A military campaign to achieve that had been unthinkable, but many now believe that under the cover of a U.S. war against Iraq, Israeli soldiers would be free to finish the job.

I say “finish,” because a slow ethnic cleansing is already under way, primarily through the systematic destruction of the Palestinian economy; when people cannot make a living, many will leave. A study for the U.S. Agency for International Development released in August showed that one-fifth of Palestinian children were malnourished, due to dramatically lowered Palestinian incomes and disruptions of food distribution because of the tightened Israeli occupation.

Life for Palestinians means constant harassment at checkpoints. Olive trees, central to agriculture there, are bulldozed by Israeli troops who claim they provide cover for snipers. Palestinian homes are demolished, supposedly because Palestinians built on their land without appropriate permits, which Israel will not give them.
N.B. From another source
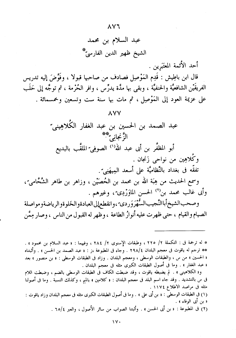 877 - عبد الصَّمد بن الْحُسَيْن بن عبد الْغفار الكلاهيني الزنجاني أَبُو المظفر بن أبي عبد الله الصُّوفِي الملقب بالبديع وكلاهين من نواحي زنجان
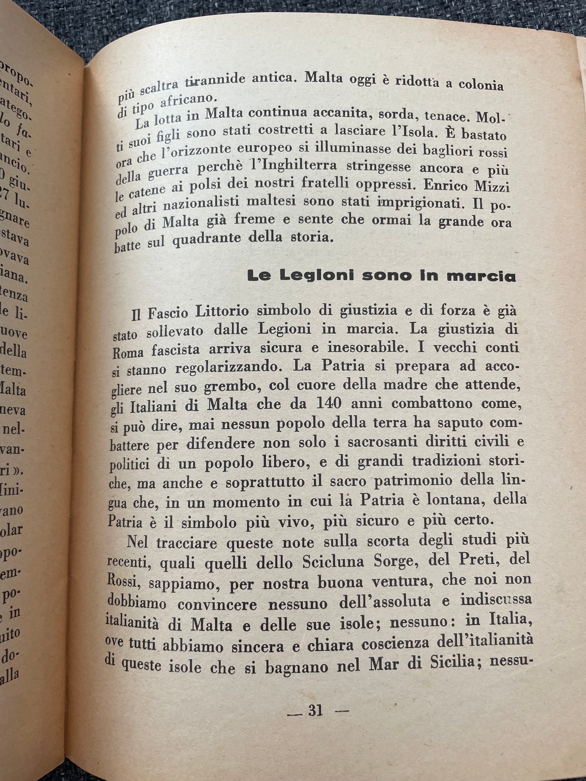 Ci sono pagine che raccontano il Novecento meglio di qualsiasi lezione. Questa pubblicazione del 1941, intitolata semplicemente “Malta”, è un documento storico originale stampato a Roma durante la Seconda Guerra Mondiale. Testimonia non solo il valore strategico dell’isola nel Mediterraneo, ma anche l’interpretazione geopolitica italiana dell’epoca. All’interno si trovano mappe d’epoca, riferimenti storici e interpretazioni politiche del tempo, che oggi permettono di comprendere il clima culturale e comunicativo del periodo. È un esempio autentico di pubblicazione storico-propagandistica, utile per ricerca, studio, archivio o collezione. La carta è quella tipica delle edizioni di guerra: leggera, economica, pensata per la diffusione rapida di contenuti divulgativi. Come ogni documento sopravvissuto a oltre 80 anni di storia, porta con sé un valore archivistico concreto: è testimonianza, non opinione.

This fall the residents of the Palestinian village Yanun chose to leave rather than continue to endure the property destruction and assaults from Israeli settlers from nearby Itamar.

As Effi Eitam of the right-wing National Religious Party has put it, if Palestinians find “the situation so hard and so dangerous that they prefer to move to some other part of the world,” well, he will shed no tears.

The plan appears to be working. According to the Jerusalem Post, by August last year about 80,000 Palestinians had left the West Bank and Gaza, a 50 percent increase over last year.

If this ethnic cleansing–either the slow version or expulsion by Israeli soldiers–is successful, another term may come into play: genocide. The crime of genocide is generally associated with mass killing, but international law defines genocide as acts intended “to destroy, in whole or in part, a national, ethnical, racial, or religious group.” One of the five types of acts is “deliberately inflicting on the group conditions of life calculated to bring about its physical destruction in whole or in part.”

Creating conditions “so hard and dangerous” that they drive people off their land is a way to eliminate the Palestinian people. Not all the Palestinians need be killed; once completely dispersed in other countries, they will cease to be a recognizable group that could press a claim to that land.

Is the world ready to accept that kind of genocide as a solution to the conflict?

No doubt the world is not; for years there has been a consensus on a diplomatic settlement that calls on Israel to withdraw from illegally occupied territory in return for peace. The key is whether the United States will allow it.

For years the United States–which supplies Israel with diplomatic support, military assistance, and at least $3 billion a year in economic aid–has backed Israeli power and called it a “peace process.” Unless we demand that our government press for peace rooted in justice, this process will be the end of the Palestinian people.

ROBERT JENSEN, a journalism professor at the University of Texas at Austin, is the author of “Writing Dissent: Taking Radical Ideas from the Margins to the Mainstream.”